Washington, D.C., partner and co-chair of the IP Group, Bob Stoll was recently quoted in an article in IAM titled, “No – the CAFC’s Judge Mayer has not just brought an end to software patents or anything close.”
While a series of decisions this summer – Enfish, Bascom and McRo – helped alleviate concerns from supporters of broader patent subject matter eligibility at the U.S. Court of Appeals for the Federal Circuit when it comes to “computer-implemented inventions,” Judge Haldane Robert Mayer’s comments in his written concurrence in Intellectual Venture v. Symantec have caused some to worry again.
Judge Mayer wrote: “Most of the First Amendment concerns associated with patent protection could be avoided if this court were willing to acknowledge that Alice sounded the death knell for software patents. Software lies in the antechamber of patent invention. Because generically-implemented software is an 'idea' insufficiently linked to any defining physical structure other than a standard computer, it is a precursor to technology rather than technology itself.”
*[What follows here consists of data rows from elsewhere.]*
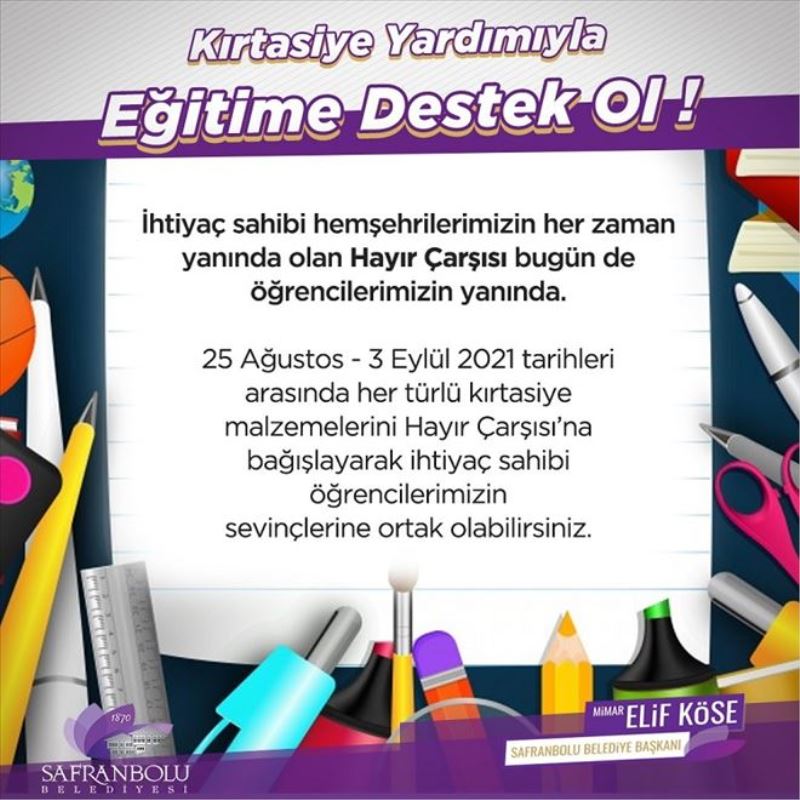 Safranbolu Belediye Başkanı Elif Köse konu ile ilgili, “Ne zaman bir destek çağrısı yapsak yoğun katılım sağlayan halkımız, geleceğimizin teminatı çocuklarımız için de harekete geçecektir. Belki de yarının doktorlarının, hemşirele-rinin, mimarlarının ya da mühendislerinin eğitiminde sizlerin de katkısı olacak. Ben şimdiden tüm ihtiyaç sahibi çocuklarımız adına kampanyaya destek verecek herkese teşekkür ediyorum.” ifadelerini kullandı.
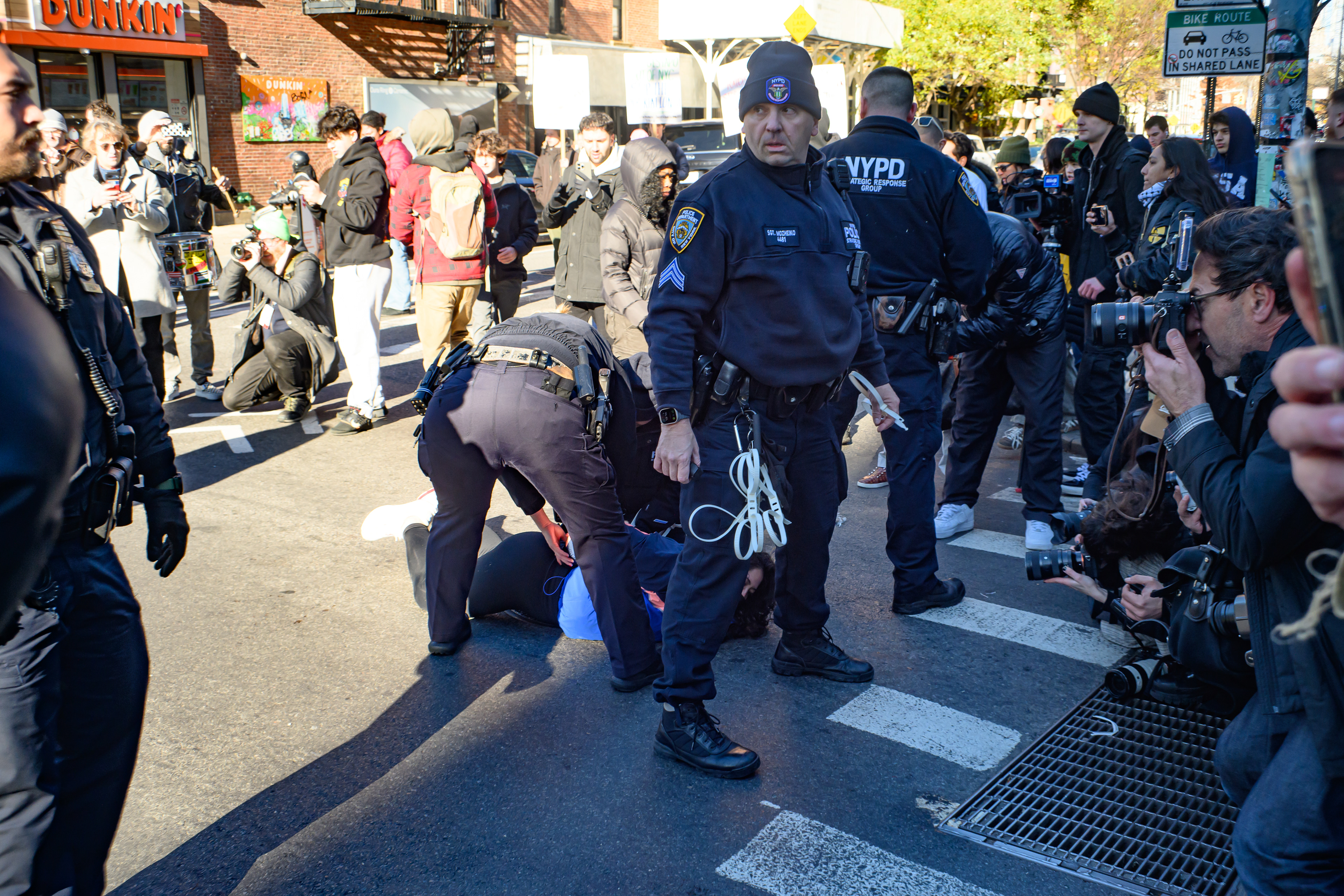 police make an arrest as protesters attempt to disrupt an ice raid on canal st.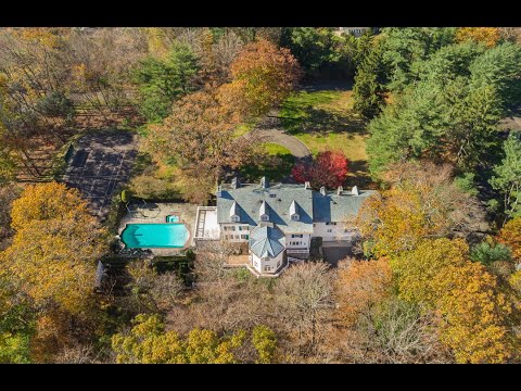 This elegant 6 BR, 6.2 BA, 9,856 sf Colonial is set on 4+ private acres with a pool & spa, poolhouse, tennis court & guest cottage. The dramatic entry foyer with curved staircase opens to this gracious home featuring spacious rooms with lovely design details, 6 fireplaces, French doors, a sunny Living Room, large Dining Room, 2 playrooms, exercise room & a wood-paneled family room with fireplace. The heated Sunroom with French doors opens out to the terrace, pool/spa & yard. The Master Suite boasts 2 baths, multiple closets & an office with built-ins. The large unfinished attic offers extra storage. This professionally landscaped retreat features sweeping lawns, grand trees, formal gardens & mature plantings. There is also a separate 2/3 bedroom guest cottage. This home is the perfect retreat. Located just off Round Hill Road.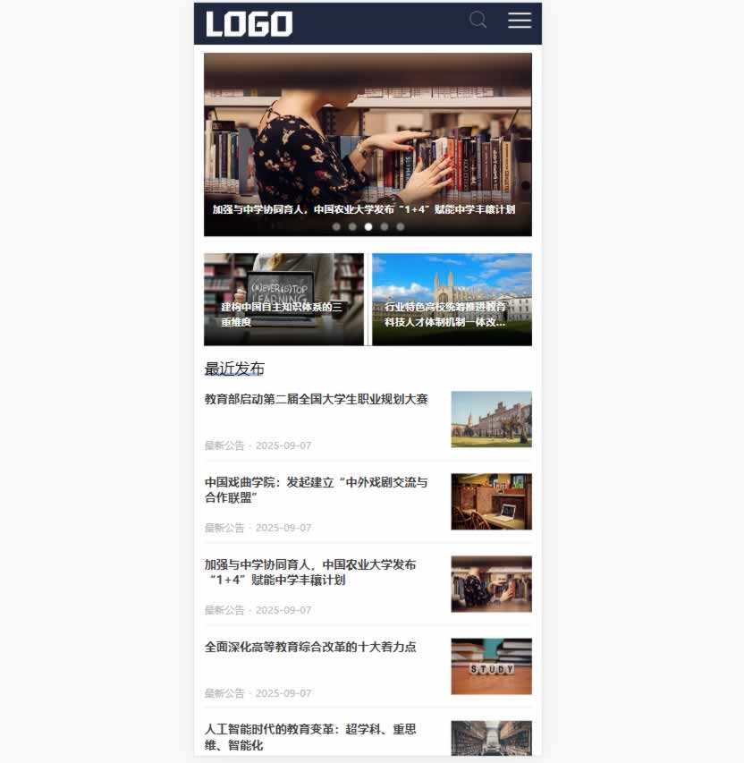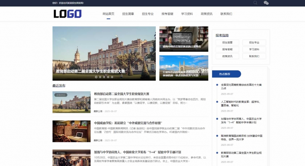PbootCMS内核开发的网站模板,该模板适用于招生考试网站、新闻资讯网站等企业,当然其他行业也可以做,只需要把文字图片换成其他行业的即可;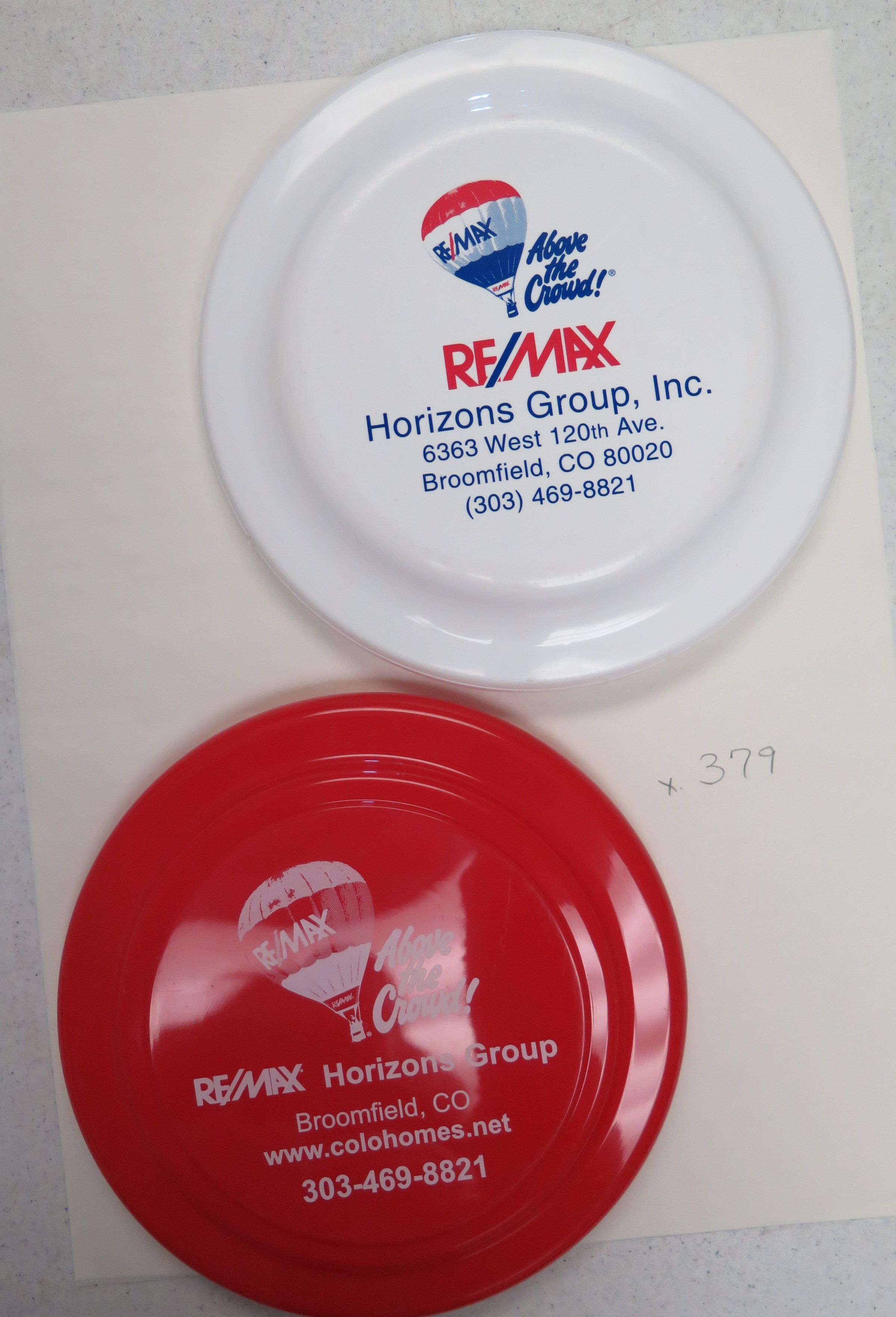 These are two plastic frisbees. 9"(Dia). The advertise the Broomfield ReMax office.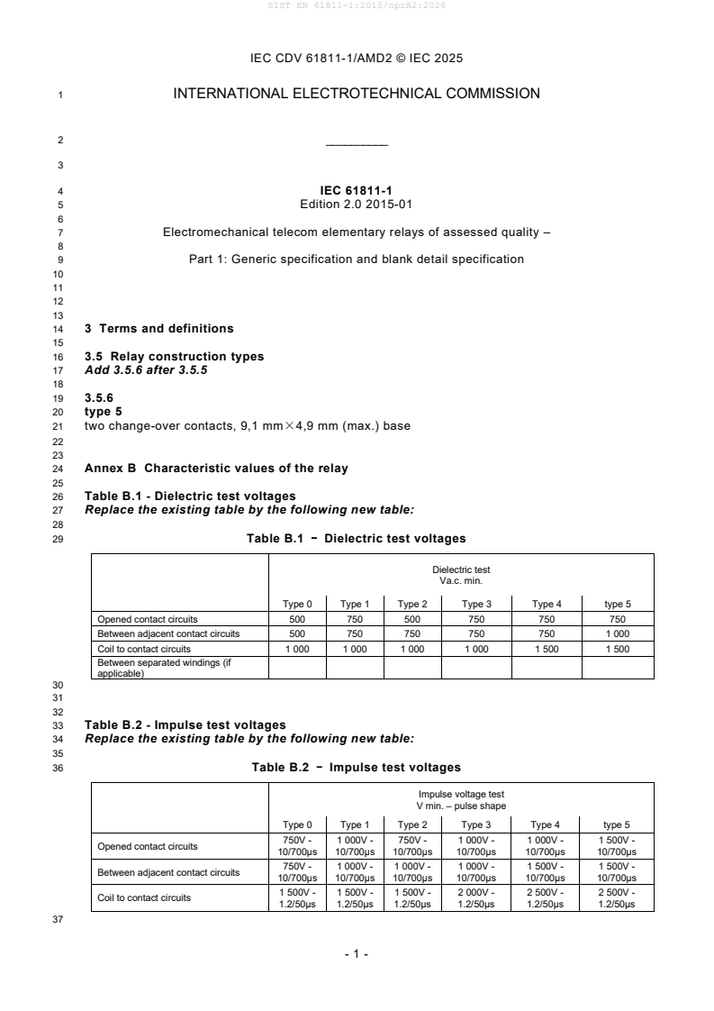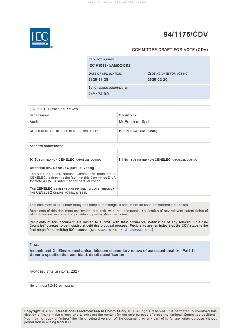 EN 61811-1:2015/prA2:2025 serves as a critical update for organizations involved in the design, specification, and quality assurance of electromechanical telecom relays. By adopting these standards, stakeholders ensure improved interoperability, product reliability, and compliance with European and international requirements.
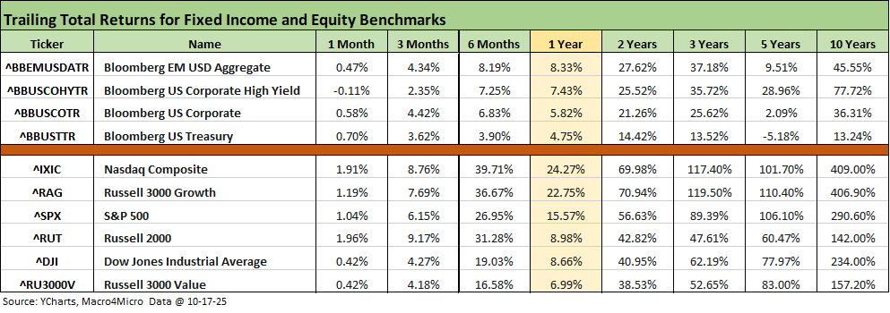 The week posted solid asset returns with equities and the UST curve both positive. With a weak starting point from last Friday’s ugly close, this week brought a strong set of numbers. The weakest of the time horizons we track below (trailing 1-month) is still only 20-12 favoring positive in our group of 32 benchmarks and ETFs. The “good equity, good debt” story remained intact with October (99.0%) and December (94.0%) FOMC cuts still posting overwhelming odds by FedWatch for -25 bps at each meeting.

IAM asked Bob and other leading commentators in the patent community for their views on the significance of Judge Mayer’s words. Bob wrote:
“I am very concerned about that statement [on Alice sounding the death knell for software patents]. The Alice decision itself said that it was to be narrowly construed to the facts of the case. Alice clearly said that computer implemented processes were patentable subject matter and set forth a two-prong test. Further Alice confirmed that business methods could be patentable. Enfish, Bascom and McRO indisputably refute Mayer’s statement.”